Tegelijk zit de kinderopvang klem tussen dit ideaalbeeld en de vereiste kwaliteit, de hoge kosten, marktwerking, veeleisende ouders en het karige gezins- en jeugdbeleid in Nederland. Keer op keer wijzen onderzoeken uit dat babyopvang hooguit een net voldoende kwaliteit oplevert. Hoe enthousiast onze pedagogisch medewerkers ook zijn en hoe mooi we onze ruimtes ook inrichten.
Zo scoort babyopvang gemiddeld ‘voldoende’ bij de basale vaardigheden. Pedagogen vinden dat te laag, juist met baby’s moet de interactie bovengemiddeld zijn. Educatieve vaardigheden scoren nog iets lager zelfs.

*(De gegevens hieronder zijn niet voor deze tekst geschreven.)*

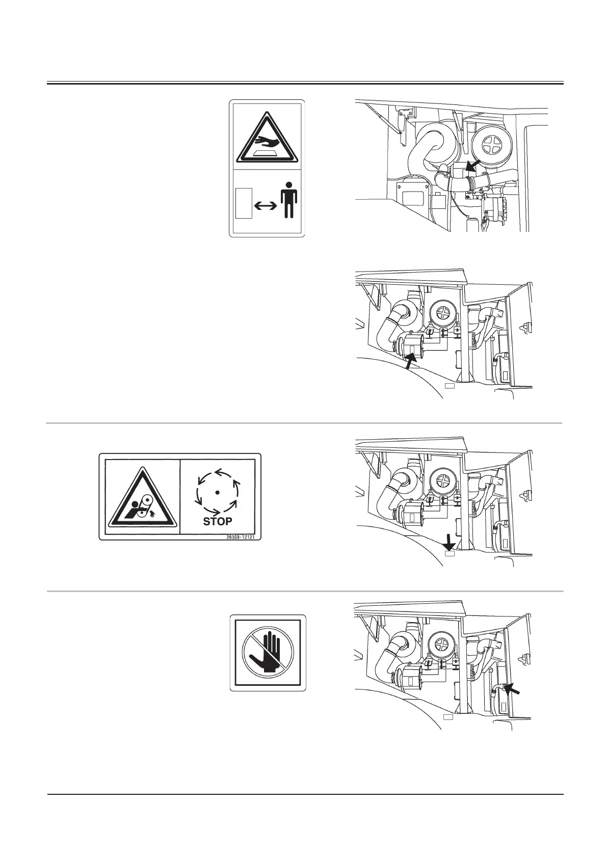 Sign indicartes a hazard of rotating parts, such as belt. Turn
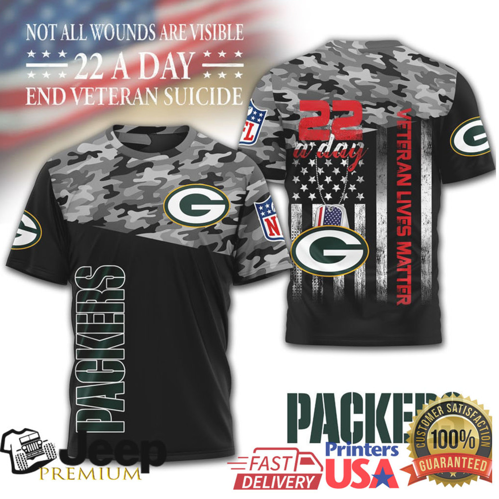 (Green Bay Packers Veteran Awareness T Shirt 22 A Day End Veteran Suicide Camo)
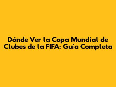 Dónde Ver La Copa Mundial De Clubes De La FIFA: Guía Completa
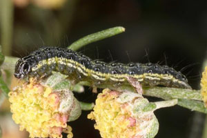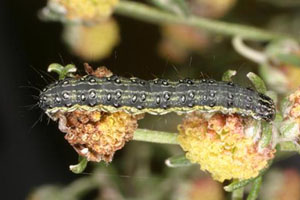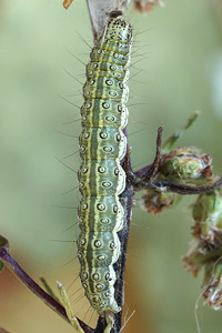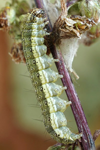 Schütze (1931: 191) erwähnt die Art nur vom Feld-Beifuß (Artemisia campestris). Diese Angabe findet sich zum ersten Mal bei Treitschke (1835: 11-12); dieser konnte auf eine Primärquelle mit exakter Beschreibung der Raupe und deren Verhalten und Entwicklung zurückgreifen und diese ausführlich zitieren: "Von Herrn P. Mussehl. "Die Raupe ist schlank, einen Zoll lang, und lebt von der Mitte August bis spät im September an Artemisia campestris, in einem trichterförmigen, zwischen den Blüthen angelegten Gespinnste, in welches sie sich bey der Berührung, nach Art mancher Wickler, mit rascher Bewegung rückwärts flüchtet. [...]""

We doen allemaal ons stinkende best om de kwaliteit van de babyopvang te behouden en hoger te krijgen. Tegelijk zien we allemaal dat deze vorm van opvang fl ink duurder (lees: niet rendabel) is vergeleken met de andere vormen van opvang, die ook nog eens hoger scoren op het gebied van kwaliteit. Zouden we als collectieve kinderopvang niet tegen de overheid moeten zeggen: sorry, we hebben het goed geprobeerd en het is redelijk gelukt, maar baby’s verdienen meer dan wij kunnen bieden. En, beste politiek, regel maar een beter en ruimhartiger ouderschapsverlof en goede (preventieve) opvoedondersteuning voor zowel moeders als vaders.
Is dit niet wat veel kinderopvangdirecteuren heimelijk denken? Om vervolgens klem te komen zitten in het heilige marktwerkingsdenken. Want als jij je babyopvang afschaft en je buurvrouw niet, dan is je concullega weer verzekerd van vier jaar omzet. En jij niet.